Александр Кабанов

Окраина империи моей. Стихотворения

 Родился в 1968 году в городе Херсон – украинский поэт, живущий и работающий в Киеве, пишущий на русском языке. Автор 12-ти книг стихотворений и многочисленных публикаций в журнальной и газетной периодике: «Новый мир», «Знамя», «Октябрь», «Континент»,  «Дружба народов», «Арион», «Новая газета», «Литературная газета» и др. Лауреат «Русской премии», премии «Antologia» - за высшие достижения в современной поэзии,  премии журнала «Новый мир», Международной Волошинской премии и др. Стихи Александра Кабанова переведены на: украинский, английский, немецкий,  французский, нидерландский,  финский, грузинский и др. языки. Александр Кабанов - главный редактор журнала о современной культуре «ШО», координатор Международного фестиваля поэзии «Киевские Лавры», один из основателей украинского слэма.


 


РОЖДЕСТВЕНСКОЕ



Окраина империи моей,
приходит время выбирать царей,
и каждый новый царь – не лучше и не хуже.
Подешевеет воск, подорожает драп,
оттает в телевизоре сатрап,
такой, как ты – внутри,
такой, как я – снаружи.
Когда он говорит: на свете счастье есть,
он начинает это счастье – есть,
а дальше – многоточие хлопушек…
Ты за окном салют не выключай,
и память, словно краснодарский чай,
и тишина – варенье из лягушек.
По ком молчит рождественский звонарь?
России был и будет нужен царь,
который эту лавочку прикроет.
И ожидает тех, кто не умрёт:
пивной сарай, маршрутный звездолёт,
завод кирпичный имени «PinkFloyd».



Подраненное яблоко-ранет.
Кто возразит, что счастья в мире нет
и остановит женщину на склоне?
Хотел бы написать: на склоне лет,
но, это холм, но это – снег и свет,
и это Бог ворочается в лоне.


 


* * *


2010 год, январь, потерянность вокзала,


чему, блаженный идиот, ты улыбаешься устало?

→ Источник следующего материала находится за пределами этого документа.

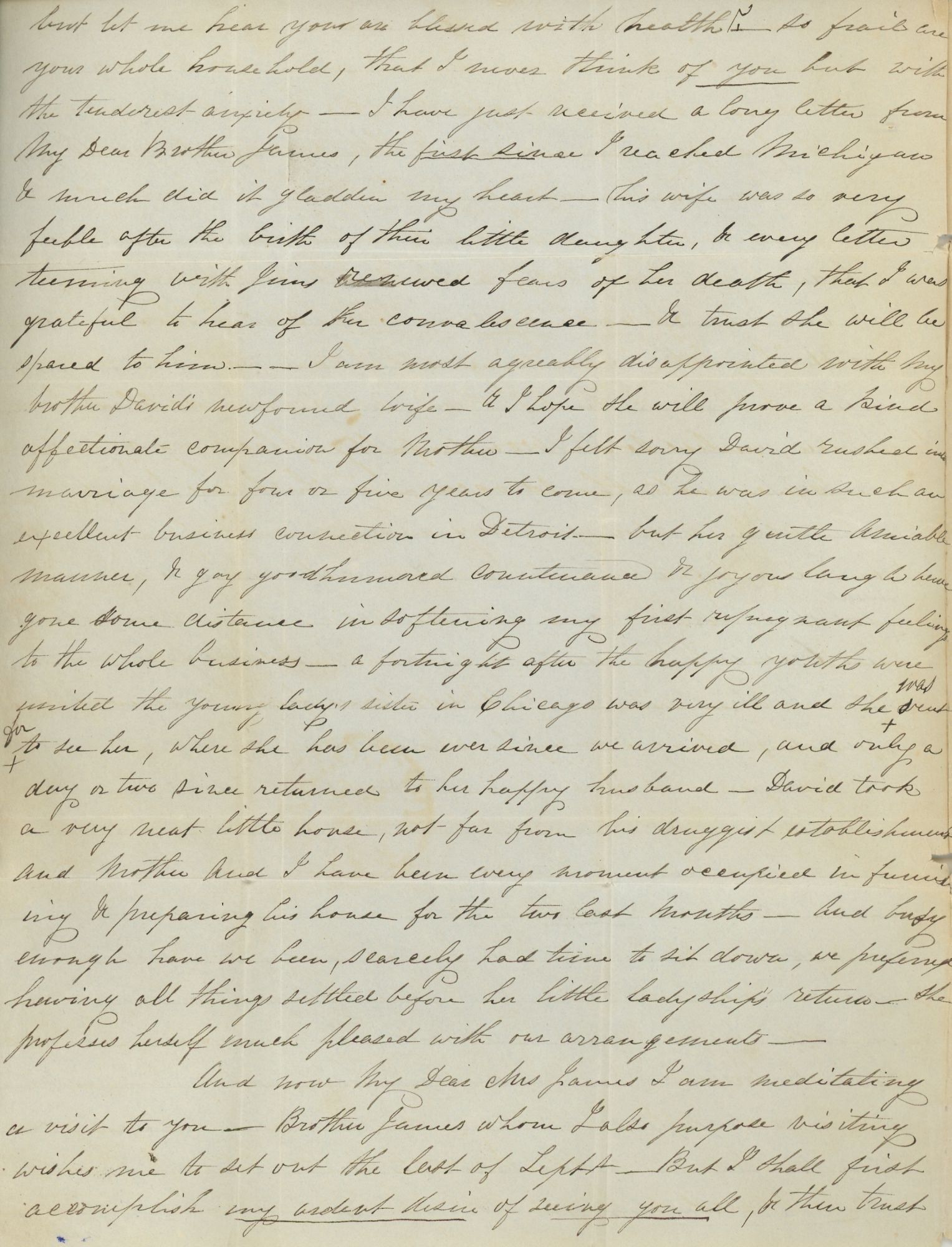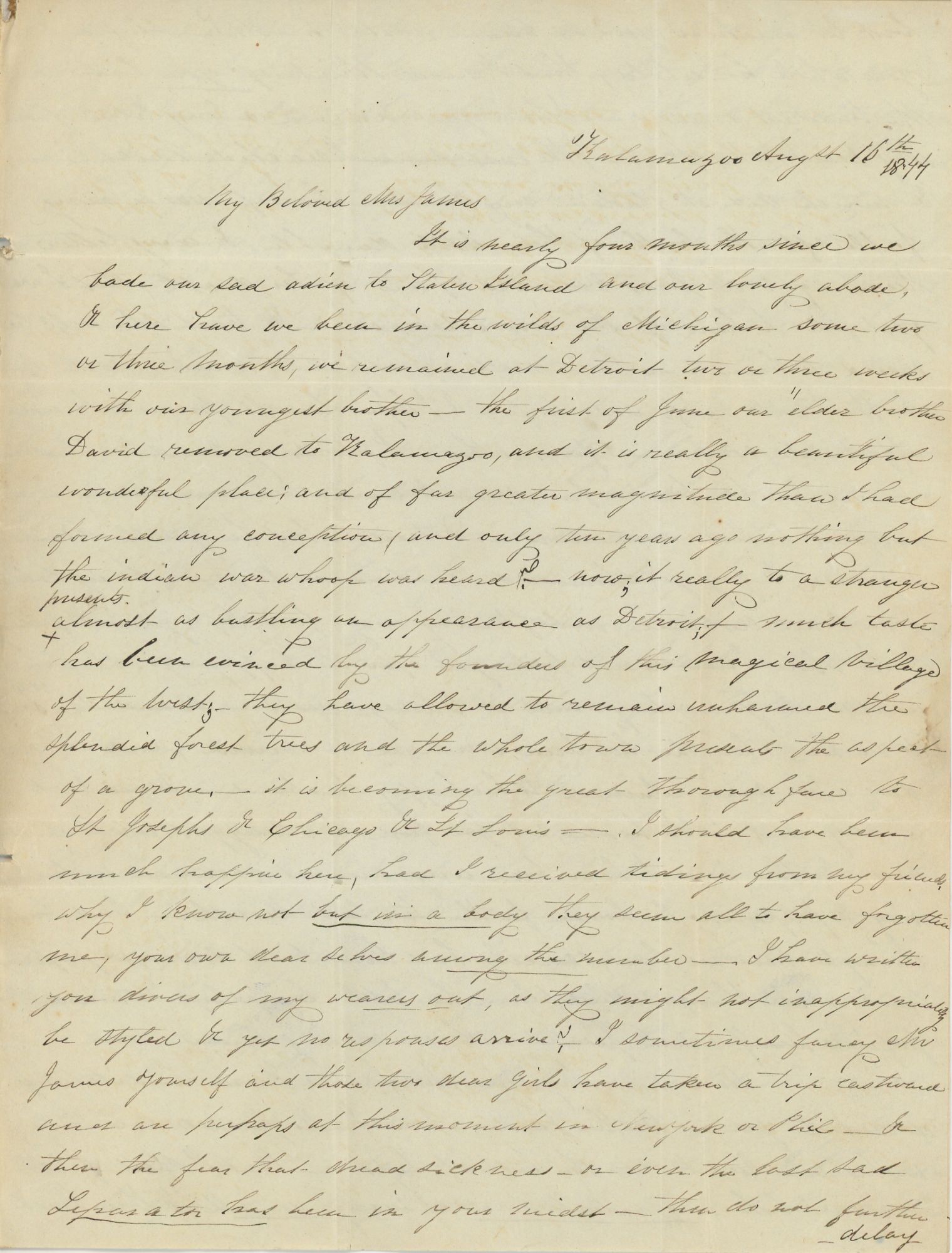 “It is nearly four months since we bade our sad adieu to Staten Island and our lovely abode, & here have we been in the wilds of Michigan some two or three months, we remained at Detroit two or three weeks with our youngest brother — the first of June our elder brother David removed to Kalamazoo, and it is really a beautiful wonderful place; and of far greater magnitude than I had formed any conception, and only ten years ago nothing but the indian war whoop was heard — now, it really to a stranger presents almost as bustling an appearance as Detroit; + much taste has been evinced by the founders of this magical village of the west; – they have allowed to remain unharmed the splendid forest trees and the whole town presents the aspect of a grove, — it is becoming the great thoroughfare to St Josephs & Chicago & St Louis —.”
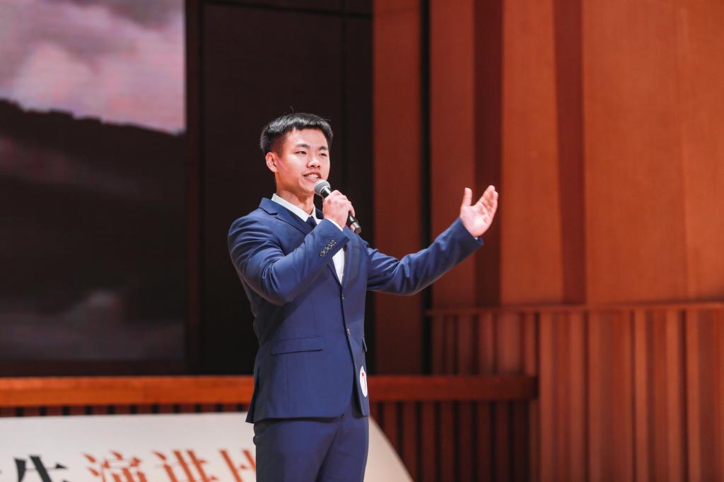 在威尼斯官网学生带来合唱歌曲《我和我的祖国》之后,参赛选手依次上台演讲。来自中央民族大学的参赛选手彭之炜分享了她作为庆祝中国共产党成立100周年天安门广场献词团成员的经历和感受,“从刚开始排练时的此起彼伏到最后呈现出来完美乐章,让我再一次重温了那份初心与感动。”她号召青年学生做中华之美的发现者,做扎根中华大地、书写中华之道的奋斗者。
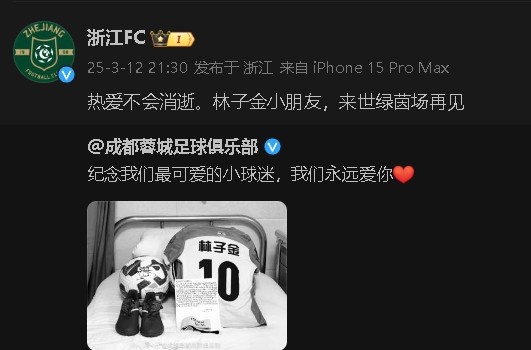 浙江隊(duì)社媒發(fā)文悼念:熱愛(ài)不會(huì)消逝,林子金小朋友來(lái)世綠茵場(chǎng)再見(jiàn)
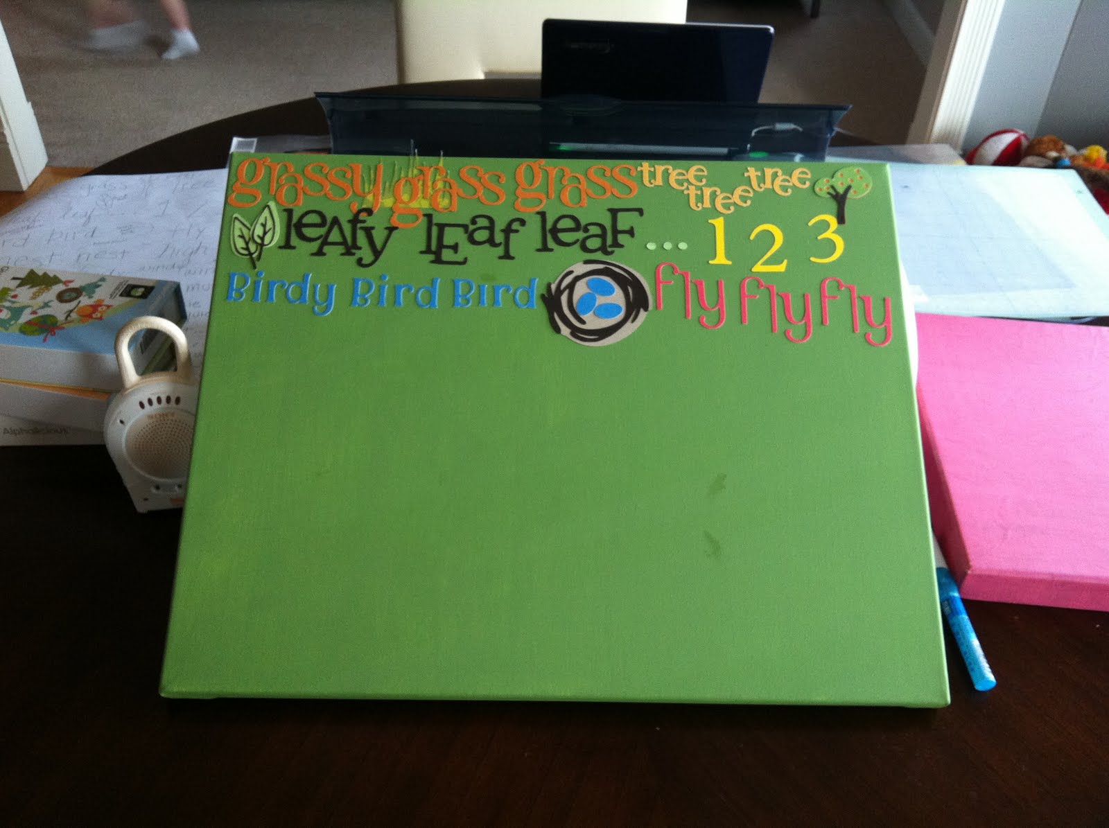 i’m still really loving how this is coming along. i even went so far as to take it into our little guy’s room tonight to see where it’s permanent home will be. (and, you might have noticed there are a couple of glue spots on my canvas. this was the result of not using the tweezers to place my letters, and dropping one, glue-side down, on the canvas. eek!)
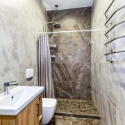 -Санузел облицован стильной плиткой и оборудован качественной сантехникой.
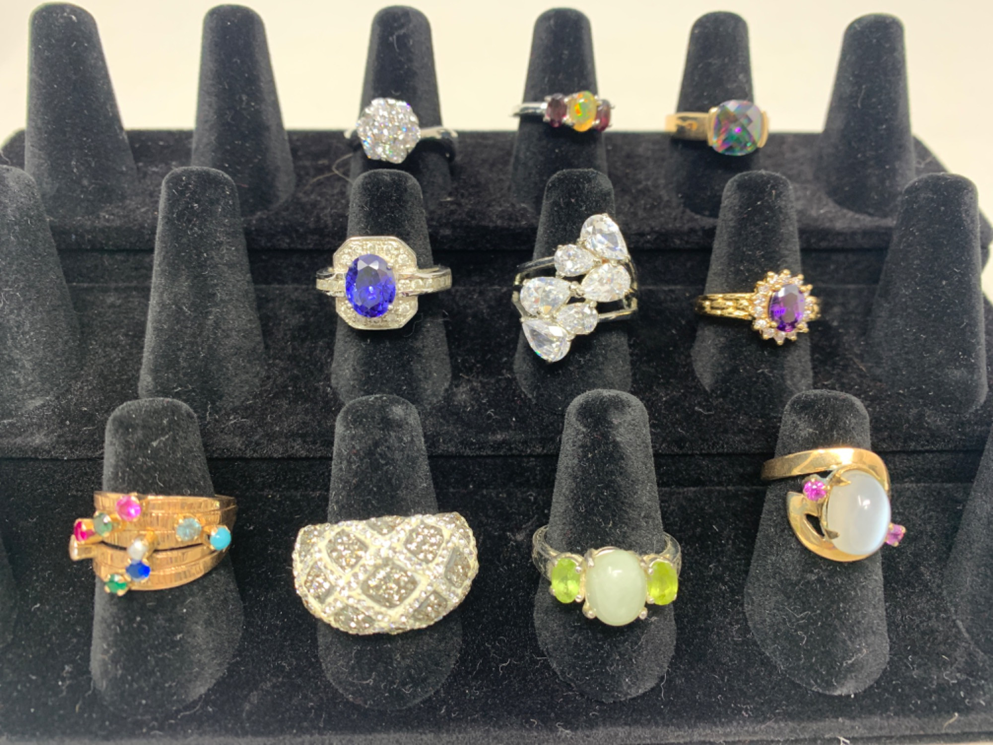 10 rings of varying sizes and styles. Nice quality with gemstones. Sizes are 5.5, 8.5, 8, 7.5, 9, 6.5. Five rings weight is 24g. Four are sterling. Updated: Stacked ring is 14k. 5 grams. Moonstone ring is 14K
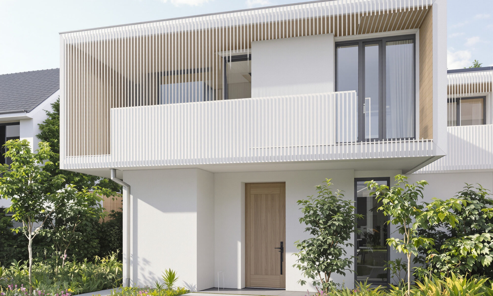 • Prolongements extérieurs : Terrasses, balcons et jardins sont conçus comme des extensions naturelles de l’espace intérieur, agrandissant visuellement et fonctionnellement la maison.
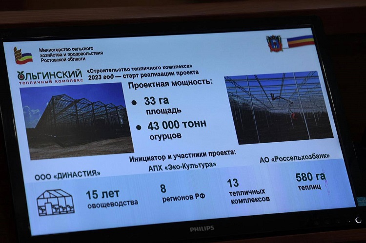Второй проект — стратегический. Речь идёт о строительстве крупнейшего в Ростовской области тепличного комплекса «Ольгинский» при участии одного из лидеров отрасли — холдинга «Эко-Культура». Комплекс площадью 33 гектара высокотехнологичных теплиц будет круглогодично производить до 43 тысяч тонн свежих огурцов в год. Инвестиции в проект составляют 22,6 млрд рублей, будет создано около 600 рабочих мест. Стройка ведётся в активной фазе и является наглядным примером реального импортозамещения и укрепления продовольственного самообеспечения региона.
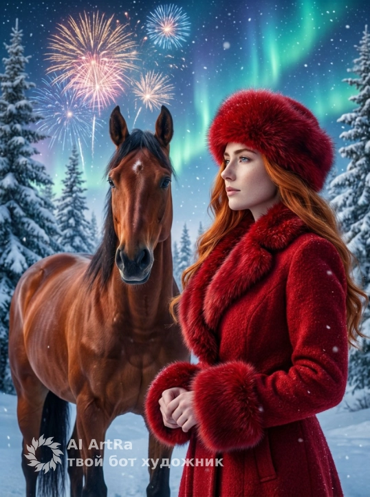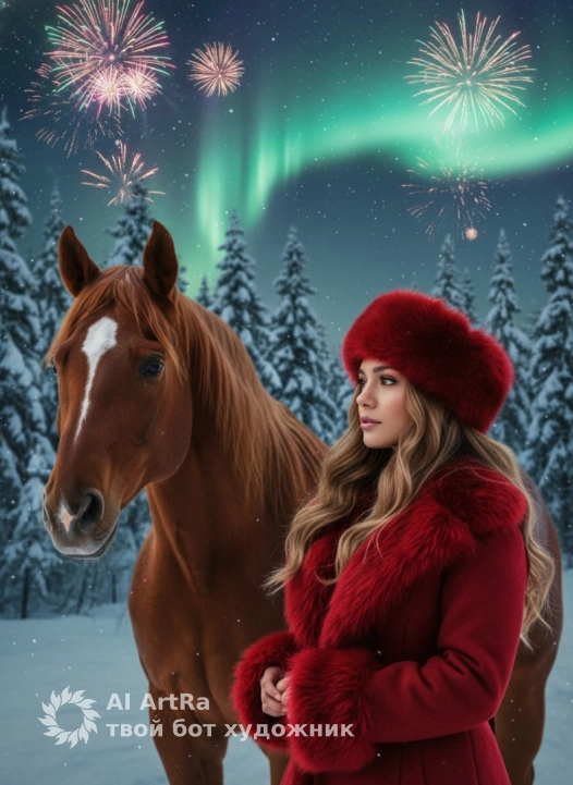 Не меняя внешности женщины с фото, перед нами предстает изящная молодая женщина в профиль, повернутая чуть вправо и смотрящая вдаль с задумчивой и спокойной выразительностью глаз. Она одета в роскошное толстое красное пальто с выразительной текстурой, украшенное толстой меховой опушкой на воротнике и манжетах, что придает образу уют и теплоту в морозном зимнем пейзаже. На голове у нее шапка из пушистого красного меха, гармонично сочетающаяся по цвету с пальто, создавая ощущение комфорта и защищенности от стужи. Ее волосы, ниспадающие на плечо, каждая прядь прорисована с невероятной детализацией, отражая холодный свет зимнего дня. Руки женщины сложены перед собой, кисти видны отчетливо, пальцы неразличимы по деталям. Рядом с ней стоит мощный рыжевато-каштановый конь с темной гривой и хвостом, морда животного обращена прямо к зрителю, силуэт мускулистый и выразительный, шерсть блестит под холодным светом, детали анатомии четко видны. Фоном служит заснеженный лес с высокими елками, покрытыми снегом, придающими сцене тонкий контраст и глубину. В небе сверкают фейерверки ярких огней и мерцают снежинки, а за ними тянутся волны северного сияния, мягко окрашивающие ночное небо в оттенки зеленого и синего. Общая атмосфера наполнена торжеством и волшебным ожиданием, композиция наполнена кинематографической глубиной, мягким светом и насыщенными цветами, что подчеркивает праздничное и зимнее настроение, фотореалистичное изображение, высокая текстурная детализация, высокое качество, разрешение 8K.
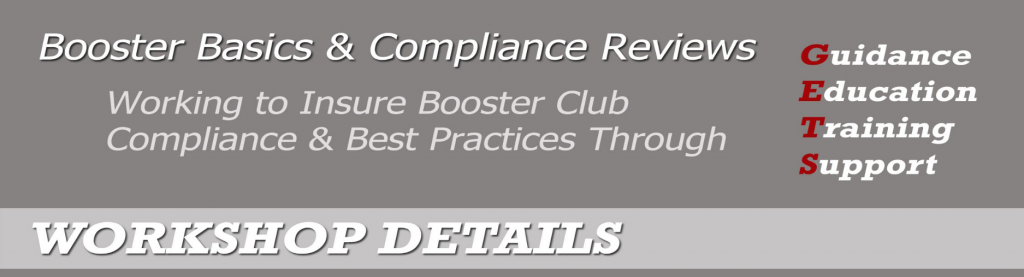 The Booster Basics Workshops provide both school administrators and booster club officers with workshops up to twice yearly and year-long support with focus on insuring that booster clubs are following district, state and federal regulations and conducting activities with best practices to help minimize risks, liabilities and challenges – for ALL PARTIES!
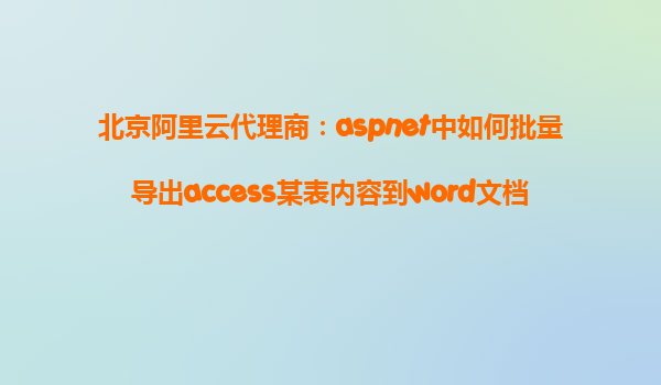 在很多应用场景中,我们可能需要将数据库中的数据导出到Word文档中,特别是在生成报告、统计数据和保存数据记录时。在ASP.NET中,结合Access数据库的使用,我们可以通过几种方式将表中的内容导出到Word文档。本文将详细介绍如何在ASP.NET应用程序中批量导出Access数据库某个表的内容到Word文档,并结合阿里云和阿里云代理商的优势,阐述这种解决方案的实施过程。

Снег, перемешанный с золой и пахнущий копченой воблой,


вот человек – внезапно злой, вот человек – внезапно добрый,


 


разрушив собственный дурдом, он выбрался из-под завала,


еще не знающий о том, что жизнь его поцеловала –


в свирепой нежности своей, как примиряющая сила,


он думал, что простился с ней, а жизнь его не отпустила.


 


* * *


Этот гоблинский, туберкулезный


свет меняя – на звук:


фиолетовый, сладкий, бесслезный –


будто ялтинский лук.


 


В телеящике, в телемогиле,


на других берегах:


пушкин с гоголем Крым захватили,


а шевченко – в бегах.


 


И подземная сотня вторая


не покинет кают,


и в тюрьме, возле Бахчисарая –


макароны дают.


 


 


Звук, двоясь – проникает подкожно:


чернослив-курага,


хорошо, что меня невозможно


отличить от врага.


 


* * *


Андрею Макаревичу


 


Комиссары нюхали кокаин,


отвыкая от солонины,


больше в мире не было украин,


потому, что кончились украины.


 


День мерцал фонариком на корме,


отплывая в залив Биская,


я тогда сидел третий год в тюрьме –


на поруки бороду отпуская.


 


Говорят, что завтра придет весна,


и, опухнувшая от пьяни,–


на майдан подтянется матросня,


а за ней – приползут крестьяне.


 


Затекая в рифму – прольется кровь,


и туда ей теперь дорога,


что такое, братец, твоя любовь –


это зрада  и перемога.


 


Треугольный народ соберут в кружок


бородай, парубий, ефремов:


желтоватый, гибельный порошок –


раздавая из пыльных шлемов.


 


БЭТМЕН САГАЙДАЧНЫЙ


 
«Новый LuckyStrike» – поселок дачный, слышится собачий лайк,
это едет Бэтмен Сагайдачный, оседлав роскошный байк.
Он предвестник кризиса и прочих апокалиптических забав,
но, у парня – самобытный почерк, запорожский нрав.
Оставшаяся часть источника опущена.